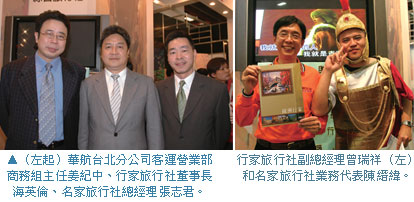行家/名家旅行社於旅展期間針對公主遊輪系列產品、阿拉斯加極光之旅、青藏高原鐵路之旅等,推出減3千~5千不等優惠價,並有「三重大贈送」活動~旅展優惠價、媚婷峰集團長春藤健康中心全方位身體檢測、精美禮物或行李袋。
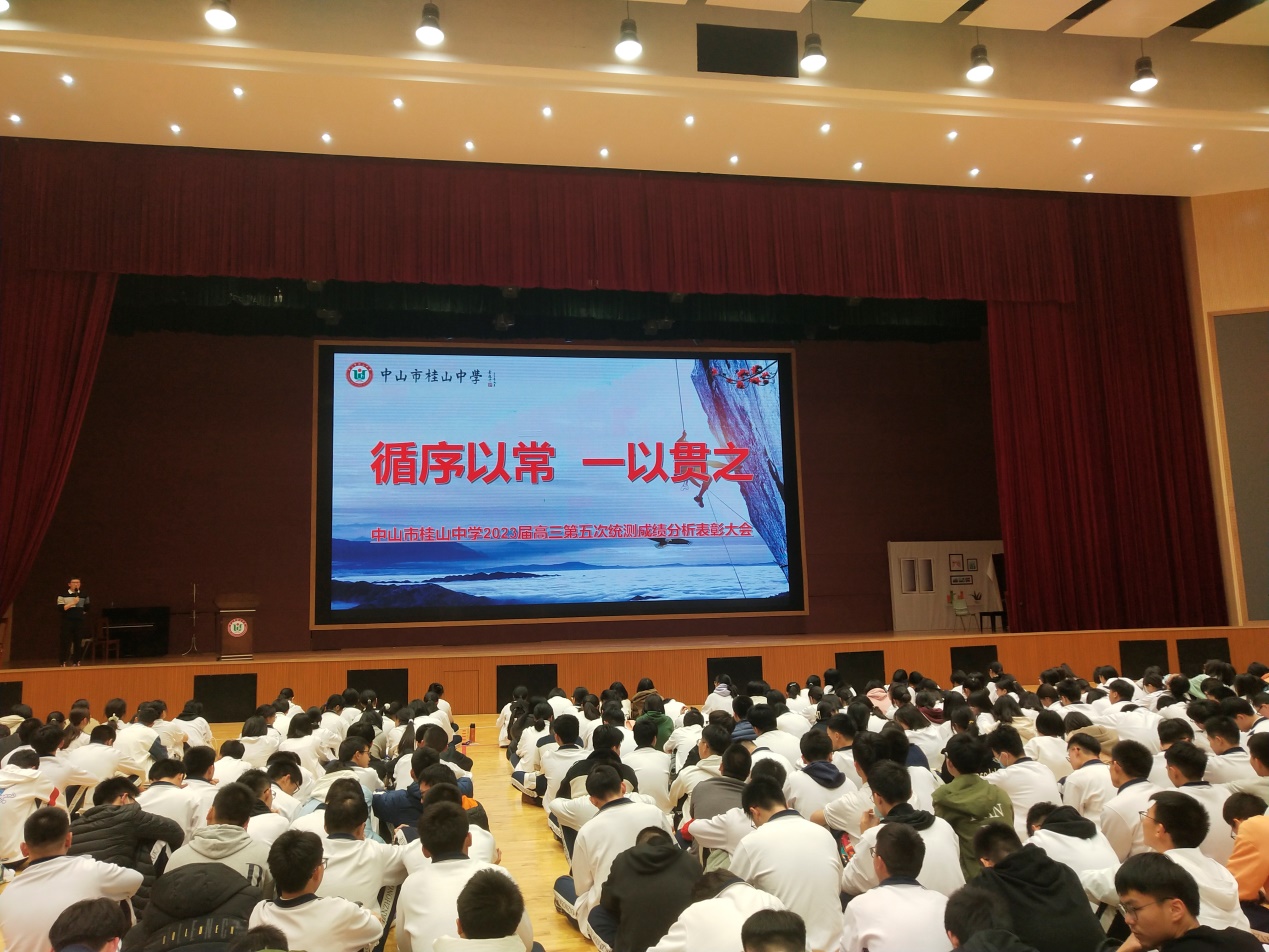 2月3日晚,桂山中学高三年级全体班主任及学生齐聚陈戈平体育馆,召开主题为“循序以常 一以贯之”的高三上学期期末大湾区联考总结表彰大会,年级主任吴彬主持此次大会。
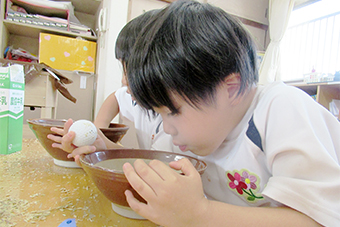 - 触れることから皮むき・ちぎる・切る など各年齢に応じて取り組み、幼児クラスではピーラーを使って野菜の皮むきをしたり包丁で切ったりしています。お手伝いの子は、お米を洗い炊飯器にセットします。他に、野菜の栽培や稲作、梅干作り、干柿など、四季を通じて取り組み、食文化を知る機会になっています。収穫した野菜は、クッキングし、食への関心を深めています。
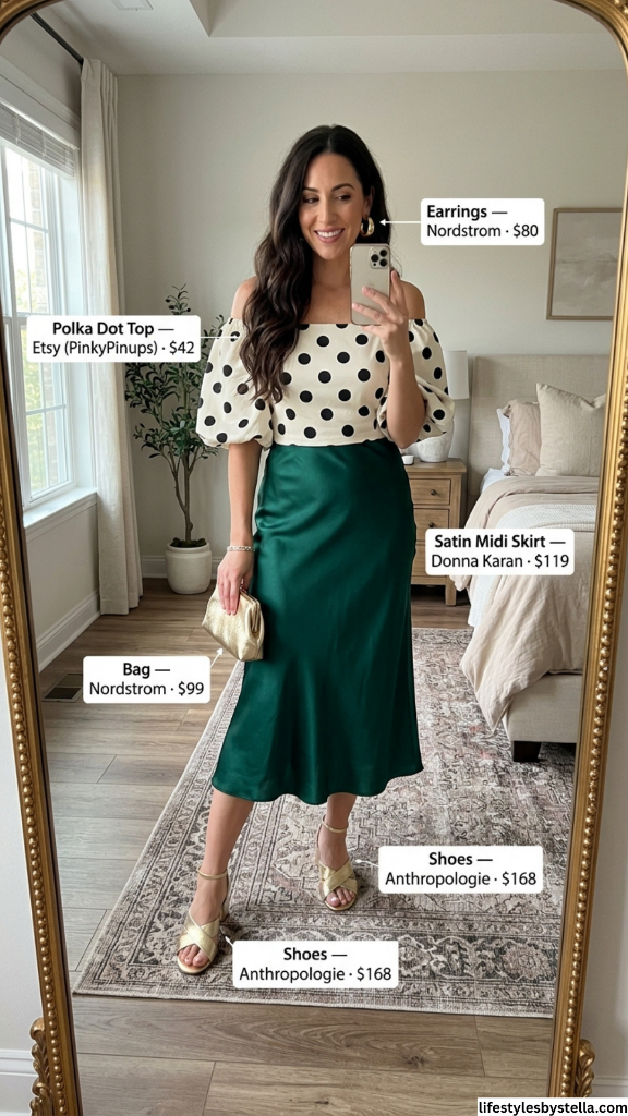 I love when a polka dot blouse gets elevated past casual territory and into something that feels genuinely occasion-worthy. This cream puff-sleeve top with bold black dots is giving all the retro drama — the square neckline, the balloon sleeves, the structured silhouette — but paired with that emerald green satin midi skirt, it becomes something altogether more modern and striking. The color pairing is unexpected and gorgeous. Cream and green is one of those combinations that photographs beautifully and looks even better in person. The satin catches light in a way that makes the whole outfit shimmer without a single sequin in sight.
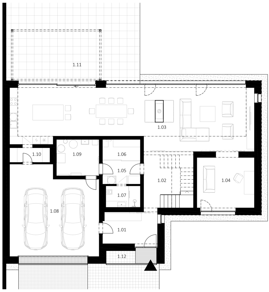 1.03 | OBÝVACÍ POKOJ A KUCH. KOUT | 89,1 m2 |
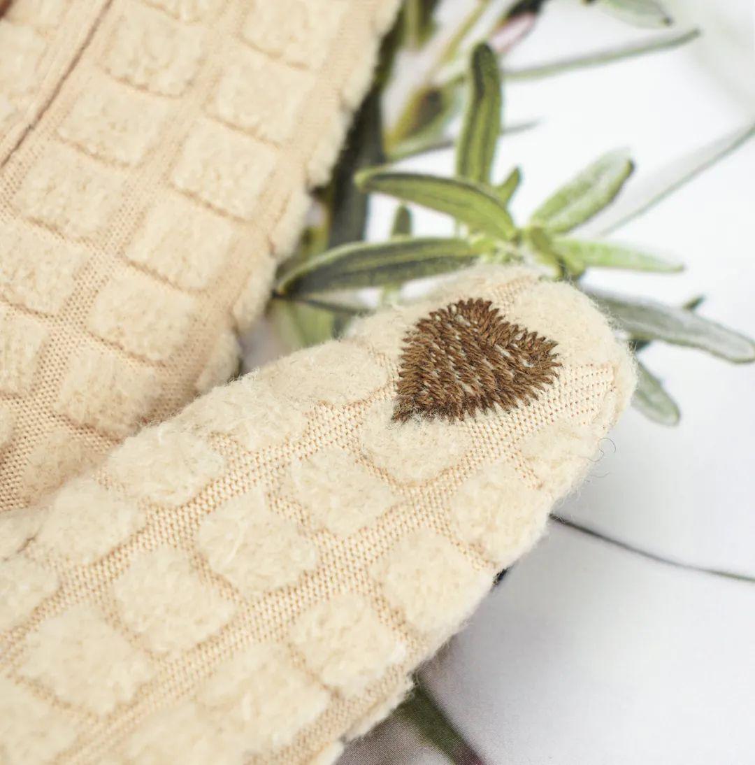 手套的大拇指和食指的指尖位置有萌萌的愛心圖案,它們不僅是裝飾使用,其實(shí)是導(dǎo)電紗材質(zhì)。
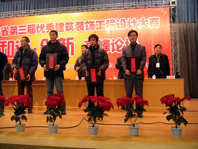 山东省第三届优秀建筑装饰工程设计大赛由山东省建设厅主办,共收到申报项目184项,其中装饰工程类21项,装饰方案类57项,装饰表现类106项。经组织专家评审和投票表决,共评出一等奖9项,二等奖30项,三等奖54项;4名设计师获得“设计之星”称号,5名在校学生获得“希望之星”称号,5名教师获得优秀指导教师称号。
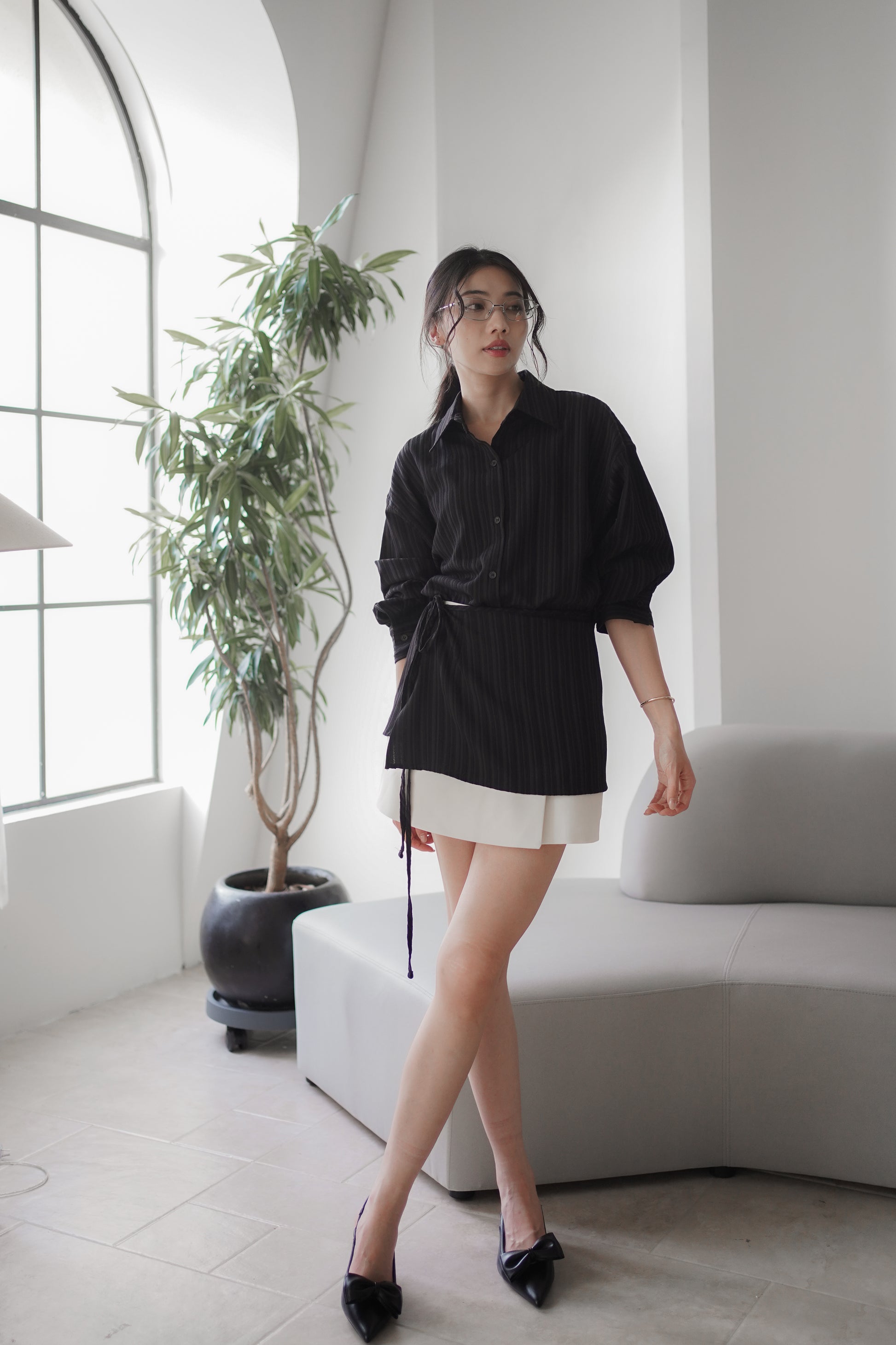 【Black】|霧黑皮革搭配同色蝴蝶結,
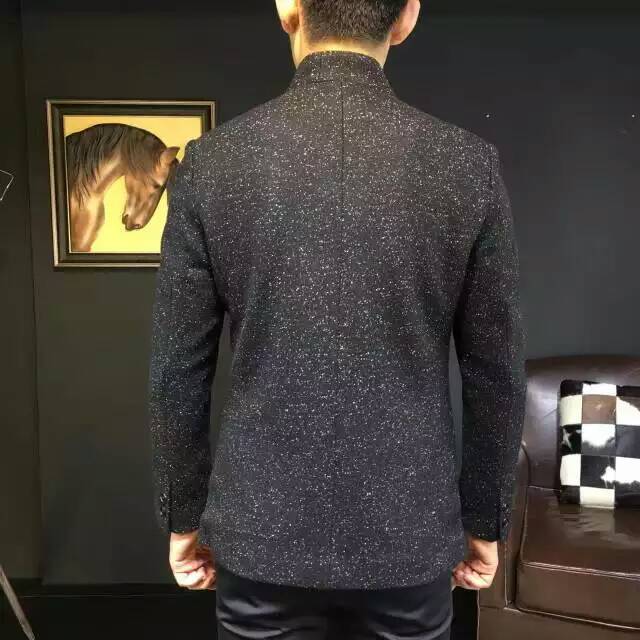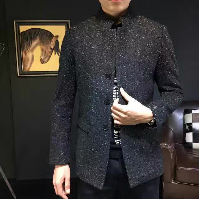 羊毛西裝??中式改良的小立領挺拔俊秀.穩重優雅.使人沉靜在瞭一片“高級黑”色調中~客供進口麵料37.7羊毛17棉21聚酯纖維21晴綸3.3錦綸
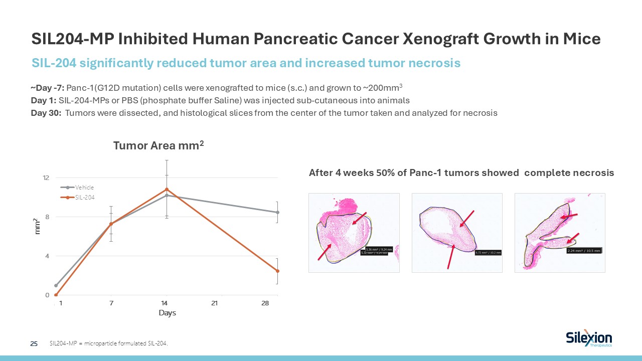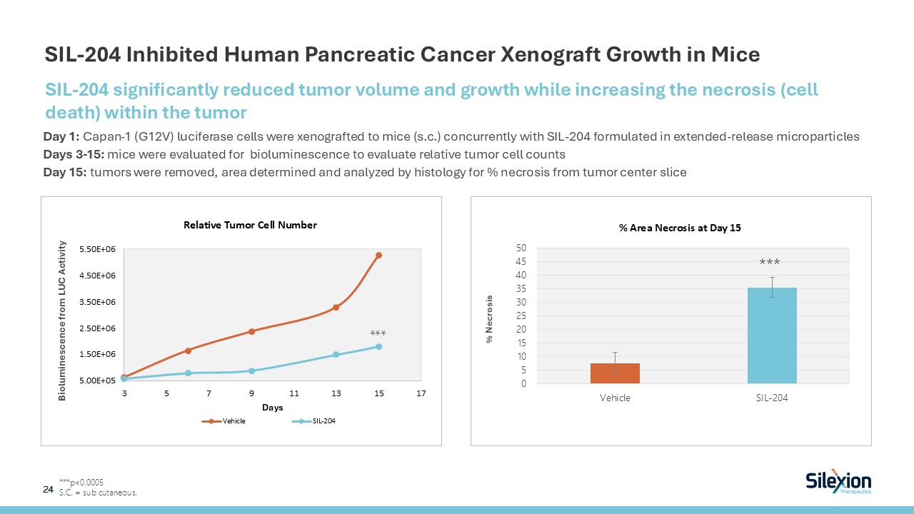 SIL-204 Inhibited Human Pancreatic Cancer Xenograft Growth in Mice  ***p<0.0005  S.C. = sub cutaneous.  SIL-204 significantly reduced tumor volume and growth while increasing the necrosis (cell death) within the tumor   Day 1: Capan-1 (G12V) luciferase cells were xenografted to mice (s.c.) concurrently with SIL-204 formulated in extended-release microparticles  Days 3-15: mice were evaluated for bioluminescence to evaluate relative tumor cell counts  Day 15: tumors were removed, area determined and analyzed by histology for % necrosis from tumor center slice  24   % Necrosis  ***  Bioluminescence from LUC Activity   ***

Directions =>
Could you repeat exactly the lines from the first one of the records above through the line containing "2月3日晚,桂山中学高三年级", leaving out any pictures?

Answer below =>
行家/名家旅行社於旅展期間針對公主遊輪系列產品、阿拉斯加極光之旅、青藏高原鐵路之旅等,推出減3千~5千不等優惠價,並有「三重大贈送」活動~旅展優惠價、媚婷峰集團長春藤健康中心全方位身體檢測、精美禮物或行李袋。
 2月3日晚,桂山中学高三年级全体班主任及学生齐聚陈戈平体育馆,召开主题为“循序以常 一以贯之”的高三上学期期末大湾区联考总结表彰大会,年级主任吴彬主持此次大会。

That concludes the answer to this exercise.